Saved entries
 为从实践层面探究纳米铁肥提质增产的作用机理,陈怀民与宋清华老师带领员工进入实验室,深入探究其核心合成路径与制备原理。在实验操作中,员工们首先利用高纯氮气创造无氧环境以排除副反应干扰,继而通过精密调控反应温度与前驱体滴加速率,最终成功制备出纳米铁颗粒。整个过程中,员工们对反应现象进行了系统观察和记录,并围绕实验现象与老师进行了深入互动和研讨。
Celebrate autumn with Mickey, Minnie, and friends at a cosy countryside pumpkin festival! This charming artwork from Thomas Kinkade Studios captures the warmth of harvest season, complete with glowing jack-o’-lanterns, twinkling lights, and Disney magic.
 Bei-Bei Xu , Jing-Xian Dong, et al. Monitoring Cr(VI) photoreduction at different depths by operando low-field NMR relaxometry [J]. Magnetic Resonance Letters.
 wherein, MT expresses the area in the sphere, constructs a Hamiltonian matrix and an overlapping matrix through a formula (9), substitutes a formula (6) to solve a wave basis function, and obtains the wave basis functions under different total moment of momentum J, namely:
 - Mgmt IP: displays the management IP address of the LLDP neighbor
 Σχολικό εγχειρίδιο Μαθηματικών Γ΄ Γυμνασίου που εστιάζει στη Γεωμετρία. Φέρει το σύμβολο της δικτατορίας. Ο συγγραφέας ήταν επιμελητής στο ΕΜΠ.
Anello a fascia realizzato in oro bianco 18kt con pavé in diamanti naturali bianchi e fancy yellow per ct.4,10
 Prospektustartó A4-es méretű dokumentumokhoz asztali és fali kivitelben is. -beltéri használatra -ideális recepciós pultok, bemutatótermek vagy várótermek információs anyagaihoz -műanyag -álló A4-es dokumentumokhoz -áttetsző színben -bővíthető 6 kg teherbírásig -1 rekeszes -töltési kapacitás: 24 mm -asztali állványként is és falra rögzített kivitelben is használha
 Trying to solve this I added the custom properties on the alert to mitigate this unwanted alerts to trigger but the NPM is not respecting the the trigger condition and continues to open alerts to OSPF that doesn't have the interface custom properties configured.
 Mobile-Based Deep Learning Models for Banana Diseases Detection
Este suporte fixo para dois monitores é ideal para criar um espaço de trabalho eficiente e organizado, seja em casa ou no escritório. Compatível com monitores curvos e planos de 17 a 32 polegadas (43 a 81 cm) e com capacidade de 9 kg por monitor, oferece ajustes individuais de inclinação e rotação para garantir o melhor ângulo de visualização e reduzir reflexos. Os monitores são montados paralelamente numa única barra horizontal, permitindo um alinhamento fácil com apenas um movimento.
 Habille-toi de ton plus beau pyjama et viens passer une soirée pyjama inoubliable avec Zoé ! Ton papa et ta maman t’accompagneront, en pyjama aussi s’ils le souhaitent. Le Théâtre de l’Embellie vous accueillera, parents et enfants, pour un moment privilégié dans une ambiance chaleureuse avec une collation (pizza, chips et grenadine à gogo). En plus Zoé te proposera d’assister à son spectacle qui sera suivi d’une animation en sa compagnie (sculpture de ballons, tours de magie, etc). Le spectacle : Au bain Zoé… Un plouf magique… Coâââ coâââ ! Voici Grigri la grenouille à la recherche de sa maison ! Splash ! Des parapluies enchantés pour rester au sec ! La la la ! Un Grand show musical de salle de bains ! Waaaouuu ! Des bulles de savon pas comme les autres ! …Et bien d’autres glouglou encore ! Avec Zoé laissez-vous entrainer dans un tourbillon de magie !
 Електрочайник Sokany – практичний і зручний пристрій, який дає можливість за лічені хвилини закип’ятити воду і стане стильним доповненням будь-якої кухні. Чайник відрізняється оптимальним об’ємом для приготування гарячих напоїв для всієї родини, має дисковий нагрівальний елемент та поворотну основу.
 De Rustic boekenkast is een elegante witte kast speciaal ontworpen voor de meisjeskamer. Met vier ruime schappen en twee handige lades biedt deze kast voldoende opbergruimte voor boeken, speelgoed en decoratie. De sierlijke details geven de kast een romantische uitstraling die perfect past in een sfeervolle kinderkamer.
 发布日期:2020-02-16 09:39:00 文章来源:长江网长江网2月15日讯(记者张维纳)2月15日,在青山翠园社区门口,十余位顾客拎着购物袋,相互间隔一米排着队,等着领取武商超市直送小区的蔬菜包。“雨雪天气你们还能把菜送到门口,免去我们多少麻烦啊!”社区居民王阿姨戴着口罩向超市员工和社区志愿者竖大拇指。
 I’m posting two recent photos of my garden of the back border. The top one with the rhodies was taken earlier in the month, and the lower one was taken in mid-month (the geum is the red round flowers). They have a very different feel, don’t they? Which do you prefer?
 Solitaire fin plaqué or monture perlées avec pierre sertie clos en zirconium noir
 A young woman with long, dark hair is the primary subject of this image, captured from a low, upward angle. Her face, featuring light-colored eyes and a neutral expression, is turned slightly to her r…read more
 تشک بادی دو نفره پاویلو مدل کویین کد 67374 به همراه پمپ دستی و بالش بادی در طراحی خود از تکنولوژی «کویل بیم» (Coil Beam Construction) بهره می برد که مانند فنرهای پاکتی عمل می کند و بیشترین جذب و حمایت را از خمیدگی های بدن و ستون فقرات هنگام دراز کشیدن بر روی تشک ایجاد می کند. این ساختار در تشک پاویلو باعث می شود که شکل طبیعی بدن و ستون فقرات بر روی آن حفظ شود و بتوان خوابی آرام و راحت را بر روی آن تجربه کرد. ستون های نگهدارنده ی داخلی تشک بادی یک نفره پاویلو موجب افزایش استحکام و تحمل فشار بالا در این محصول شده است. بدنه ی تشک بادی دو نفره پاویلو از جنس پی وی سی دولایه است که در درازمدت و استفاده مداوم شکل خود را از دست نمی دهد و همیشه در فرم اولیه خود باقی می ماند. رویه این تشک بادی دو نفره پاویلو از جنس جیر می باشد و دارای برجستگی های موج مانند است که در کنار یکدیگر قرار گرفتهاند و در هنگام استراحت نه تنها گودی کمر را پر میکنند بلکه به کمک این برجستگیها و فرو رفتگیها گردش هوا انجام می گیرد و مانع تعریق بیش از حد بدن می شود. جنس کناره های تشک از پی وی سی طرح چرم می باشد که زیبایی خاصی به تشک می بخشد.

Work to be completed: Would you please restate all of the entries exactly?

Answer box:
 为从实践层面探究纳米铁肥提质增产的作用机理,陈怀民与宋清华老师带领员工进入实验室,深入探究其核心合成路径与制备原理。在实验操作中,员工们首先利用高纯氮气创造无氧环境以排除副反应干扰,继而通过精密调控反应温度与前驱体滴加速率,最终成功制备出纳米铁颗粒。整个过程中,员工们对反应现象进行了系统观察和记录,并围绕实验现象与老师进行了深入互动和研讨。
Celebrate autumn with Mickey, Minnie, and friends at a cosy countryside pumpkin festival! This charming artwork from Thomas Kinkade Studios captures the warmth of harvest season, complete with glowing jack-o’-lanterns, twinkling lights, and Disney magic.
 Bei-Bei Xu , Jing-Xian Dong, et al. Monitoring Cr(VI) photoreduction at different depths by operando low-field NMR relaxometry [J]. Magnetic Resonance Letters.
 wherein, MT expresses the area in the sphere, constructs a Hamiltonian matrix and an overlapping matrix through a formula (9), substitutes a formula (6) to solve a wave basis function, and obtains the wave basis functions under different total moment of momentum J, namely:
 - Mgmt IP: displays the management IP address of the LLDP neighbor
 Σχολικό εγχειρίδιο Μαθηματικών Γ΄ Γυμνασίου που εστιάζει στη Γεωμετρία. Φέρει το σύμβολο της δικτατορίας. Ο συγγραφέας ήταν επιμελητής στο ΕΜΠ.
Anello a fascia realizzato in oro bianco 18kt con pavé in diamanti naturali bianchi e fancy yellow per ct.4,10
 Prospektustartó A4-es méretű dokumentumokhoz asztali és fali kivitelben is. -beltéri használatra -ideális recepciós pultok, bemutatótermek vagy várótermek információs anyagaihoz -műanyag -álló A4-es dokumentumokhoz -áttetsző színben -bővíthető 6 kg teherbírásig -1 rekeszes -töltési kapacitás: 24 mm -asztali állványként is és falra rögzített kivitelben is használha
 Trying to solve this I added the custom properties on the alert to mitigate this unwanted alerts to trigger but the NPM is not respecting the the trigger condition and continues to open alerts to OSPF that doesn't have the interface custom properties configured.
 Mobile-Based Deep Learning Models for Banana Diseases Detection
Este suporte fixo para dois monitores é ideal para criar um espaço de trabalho eficiente e organizado, seja em casa ou no escritório. Compatível com monitores curvos e planos de 17 a 32 polegadas (43 a 81 cm) e com capacidade de 9 kg por monitor, oferece ajustes individuais de inclinação e rotação para garantir o melhor ângulo de visualização e reduzir reflexos. Os monitores são montados paralelamente numa única barra horizontal, permitindo um alinhamento fácil com apenas um movimento.
 Habille-toi de ton plus beau pyjama et viens passer une soirée pyjama inoubliable avec Zoé ! Ton papa et ta maman t’accompagneront, en pyjama aussi s’ils le souhaitent. Le Théâtre de l’Embellie vous accueillera, parents et enfants, pour un moment privilégié dans une ambiance chaleureuse avec une collation (pizza, chips et grenadine à gogo). En plus Zoé te proposera d’assister à son spectacle qui sera suivi d’une animation en sa compagnie (sculpture de ballons, tours de magie, etc). Le spectacle : Au bain Zoé… Un plouf magique… Coâââ coâââ ! Voici Grigri la grenouille à la recherche de sa maison ! Splash ! Des parapluies enchantés pour rester au sec ! La la la ! Un Grand show musical de salle de bains ! Waaaouuu ! Des bulles de savon pas comme les autres ! …Et bien d’autres glouglou encore ! Avec Zoé laissez-vous entrainer dans un tourbillon de magie !
 Електрочайник Sokany – практичний і зручний пристрій, який дає можливість за лічені хвилини закип’ятити воду і стане стильним доповненням будь-якої кухні. Чайник відрізняється оптимальним об’ємом для приготування гарячих напоїв для всієї родини, має дисковий нагрівальний елемент та поворотну основу.
 De Rustic boekenkast is een elegante witte kast speciaal ontworpen voor de meisjeskamer. Met vier ruime schappen en twee handige lades biedt deze kast voldoende opbergruimte voor boeken, speelgoed en decoratie. De sierlijke details geven de kast een romantische uitstraling die perfect past in een sfeervolle kinderkamer.
 发布日期:2020-02-16 09:39:00 文章来源:长江网长江网2月15日讯(记者张维纳)2月15日,在青山翠园社区门口,十余位顾客拎着购物袋,相互间隔一米排着队,等着领取武商超市直送小区的蔬菜包。“雨雪天气你们还能把菜送到门口,免去我们多少麻烦啊!”社区居民王阿姨戴着口罩向超市员工和社区志愿者竖大拇指。
 I’m posting two recent photos of my garden of the back border. The top one with the rhodies was taken earlier in the month, and the lower one was taken in mid-month (the geum is the red round flowers). They have a very different feel, don’t they? Which do you prefer?
 Solitaire fin plaqué or monture perlées avec pierre sertie clos en zirconium noir
 A young woman with long, dark hair is the primary subject of this image, captured from a low, upward angle. Her face, featuring light-colored eyes and a neutral expression, is turned slightly to her r…read more
 تشک بادی دو نفره پاویلو مدل کویین کد 67374 به همراه پمپ دستی و بالش بادی در طراحی خود از تکنولوژی «کویل بیم» (Coil Beam Construction) بهره می برد که مانند فنرهای پاکتی عمل می کند و بیشترین جذب و حمایت را از خمیدگی های بدن و ستون فقرات هنگام دراز کشیدن بر روی تشک ایجاد می کند. این ساختار در تشک پاویلو باعث می شود که شکل طبیعی بدن و ستون فقرات بر روی آن حفظ شود و بتوان خوابی آرام و راحت را بر روی آن تجربه کرد. ستون های نگهدارنده ی داخلی تشک بادی یک نفره پاویلو موجب افزایش استحکام و تحمل فشار بالا در این محصول شده است. بدنه ی تشک بادی دو نفره پاویلو از جنس پی وی سی دولایه است که در درازمدت و استفاده مداوم شکل خود را از دست نمی دهد و همیشه در فرم اولیه خود باقی می ماند. رویه این تشک بادی دو نفره پاویلو از جنس جیر می باشد و دارای برجستگی های موج مانند است که در کنار یکدیگر قرار گرفتهاند و در هنگام استراحت نه تنها گودی کمر را پر میکنند بلکه به کمک این برجستگیها و فرو رفتگیها گردش هوا انجام می گیرد و مانع تعریق بیش از حد بدن می شود. جنس کناره های تشک از پی وی سی طرح چرم می باشد که زیبایی خاصی به تشک می بخشد.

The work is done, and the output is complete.